Crude oil price falls to 15-month low
NEW YORK (Bloomberg) — Crude oil fell the most since August 2005 in New York on forecasts for an increase in OPEC oil shipments and a warmer-than-normal winter that would curb demand.Oil shipments from OPEC members will rise this month, according to a weekly report by Halifax, England-based consulting company Oil Movements. The Organisation of Petroleum Exporting Countries agreed last month to cut output by 1.2 million barrels a day. US government forecasters said yesterday the El Nino weather pattern will cause a mild winter in the northern US.
“The Oil Movements report added uncertainty about OPEC’s cuts back into the market,” said John Kilduff, vice president of risk management at Fimat USA in New York. “We saw a lot of fund liquidation after the report today. The surging stock market has attracted a lot of the dollars that would otherwise be moving into energy markets.”

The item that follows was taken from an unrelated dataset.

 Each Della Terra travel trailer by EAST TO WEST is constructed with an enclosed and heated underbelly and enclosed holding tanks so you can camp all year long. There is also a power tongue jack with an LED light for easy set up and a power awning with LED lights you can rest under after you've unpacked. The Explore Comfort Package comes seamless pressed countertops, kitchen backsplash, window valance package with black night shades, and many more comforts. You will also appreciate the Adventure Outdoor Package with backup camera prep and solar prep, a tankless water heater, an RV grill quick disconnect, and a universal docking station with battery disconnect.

Crude oil for December delivery fell $2.50, or 4.3 percent, to $56.26 a barrel on the New York Mercantile Exchange, the lowest close since November 18, 2005. Oil had the biggest one-day decline since August 17, 2005. Prices are down 2.8 percent from a year ago.
Investors pushed prices higher the past four years as they poured money into energy, where returns outpaced other markets.

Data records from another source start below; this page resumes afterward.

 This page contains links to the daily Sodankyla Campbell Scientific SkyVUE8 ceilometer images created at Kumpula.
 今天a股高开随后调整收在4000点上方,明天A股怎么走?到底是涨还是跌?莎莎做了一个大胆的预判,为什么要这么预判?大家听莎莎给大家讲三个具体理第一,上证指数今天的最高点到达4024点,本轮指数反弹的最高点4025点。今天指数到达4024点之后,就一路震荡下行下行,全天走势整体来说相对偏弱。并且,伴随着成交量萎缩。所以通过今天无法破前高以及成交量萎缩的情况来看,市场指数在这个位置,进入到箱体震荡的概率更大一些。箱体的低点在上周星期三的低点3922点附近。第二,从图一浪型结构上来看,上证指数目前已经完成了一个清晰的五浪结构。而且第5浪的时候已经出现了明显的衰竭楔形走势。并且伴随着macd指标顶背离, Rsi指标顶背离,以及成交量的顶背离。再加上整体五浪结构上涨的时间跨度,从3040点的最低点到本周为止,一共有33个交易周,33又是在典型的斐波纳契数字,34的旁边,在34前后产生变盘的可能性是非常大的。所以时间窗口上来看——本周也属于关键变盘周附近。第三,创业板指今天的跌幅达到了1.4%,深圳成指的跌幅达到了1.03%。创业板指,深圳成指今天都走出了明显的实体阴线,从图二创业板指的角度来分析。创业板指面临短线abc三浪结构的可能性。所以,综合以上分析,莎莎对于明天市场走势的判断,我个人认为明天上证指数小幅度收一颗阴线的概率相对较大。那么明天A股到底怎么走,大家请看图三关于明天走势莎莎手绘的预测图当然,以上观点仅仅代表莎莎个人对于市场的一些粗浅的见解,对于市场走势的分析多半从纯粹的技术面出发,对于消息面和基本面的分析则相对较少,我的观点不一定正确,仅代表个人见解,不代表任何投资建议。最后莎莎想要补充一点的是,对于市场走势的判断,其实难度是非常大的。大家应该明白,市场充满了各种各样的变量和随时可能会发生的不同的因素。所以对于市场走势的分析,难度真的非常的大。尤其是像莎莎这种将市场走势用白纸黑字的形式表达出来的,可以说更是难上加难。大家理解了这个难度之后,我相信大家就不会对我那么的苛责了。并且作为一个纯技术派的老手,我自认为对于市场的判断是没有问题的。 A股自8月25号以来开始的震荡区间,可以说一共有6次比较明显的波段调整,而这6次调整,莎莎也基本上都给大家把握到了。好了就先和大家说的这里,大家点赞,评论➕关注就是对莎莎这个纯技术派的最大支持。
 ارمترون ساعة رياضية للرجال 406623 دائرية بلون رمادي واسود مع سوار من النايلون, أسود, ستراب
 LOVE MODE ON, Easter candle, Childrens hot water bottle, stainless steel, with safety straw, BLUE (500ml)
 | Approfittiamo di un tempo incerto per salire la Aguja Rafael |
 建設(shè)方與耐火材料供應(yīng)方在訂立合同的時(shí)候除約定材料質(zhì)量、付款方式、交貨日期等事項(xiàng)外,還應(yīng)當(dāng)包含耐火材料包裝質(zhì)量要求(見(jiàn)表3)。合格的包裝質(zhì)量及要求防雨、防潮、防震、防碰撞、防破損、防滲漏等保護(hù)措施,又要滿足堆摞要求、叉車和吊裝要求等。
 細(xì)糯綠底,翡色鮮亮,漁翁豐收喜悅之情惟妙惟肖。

US stocks rose for a fifth day and are heading for the seventh weekly advance in the past eight weeks. Above-average temperatures will cover the northern third of the US from coast to coast this winter as El Nino persists, the US Climate Prediction Center said in a report that covers December through February. A warmer-than-normal winter in the region would reduce demand for heating oil, natural gas and other fuels used to run household and commercial furnaces.
El Nino refers to the warming of the ocean surface off the western coast of South America. The phenomenon affects the jet stream, alters storm tracks and creates unusual weather patterns. A moderate to strong El Nino typically brings mild winters to the northern US.

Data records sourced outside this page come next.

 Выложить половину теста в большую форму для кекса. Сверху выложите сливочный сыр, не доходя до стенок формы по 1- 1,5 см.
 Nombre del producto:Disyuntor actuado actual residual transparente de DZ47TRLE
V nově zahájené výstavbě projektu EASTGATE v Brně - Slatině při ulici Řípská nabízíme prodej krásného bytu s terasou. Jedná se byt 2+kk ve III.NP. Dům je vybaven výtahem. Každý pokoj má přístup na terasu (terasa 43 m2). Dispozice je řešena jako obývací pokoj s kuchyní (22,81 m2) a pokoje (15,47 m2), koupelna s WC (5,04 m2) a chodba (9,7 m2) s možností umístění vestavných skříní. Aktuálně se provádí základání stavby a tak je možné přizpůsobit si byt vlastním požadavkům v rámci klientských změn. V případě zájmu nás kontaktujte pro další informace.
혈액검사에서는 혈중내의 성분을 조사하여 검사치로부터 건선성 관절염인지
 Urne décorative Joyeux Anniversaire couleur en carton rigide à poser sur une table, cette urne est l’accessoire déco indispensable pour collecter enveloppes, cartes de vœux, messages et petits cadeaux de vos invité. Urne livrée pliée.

OPEC shipments will rise 0.9 percent in the month to Dec. 2 to 24.8 million barrels a day, compared with 24.6 million barrels a day in the four weeks ended November 4.
OPEC will discuss production at its next meeting, which is scheduled for December 14 in Abuja, Nigeria.
Natural-gas stockpiles rose 5 billion cubic feet to 3.45 trillion cubic feet last week, an Energy Department report showed. Some users switch between oil-based fuels and natural gas depending on cost. Crude-oil supplies rose last week, the department said yesterday.
“We are building natural-gas supplies as we get closer to winter, which is bearish,” said Ric Navy, a broker at BNP Paribas SA in New York. “Also, yesterday’s report showed a big gain in crude oil. There’s just too much stuff around for prices to move higher.”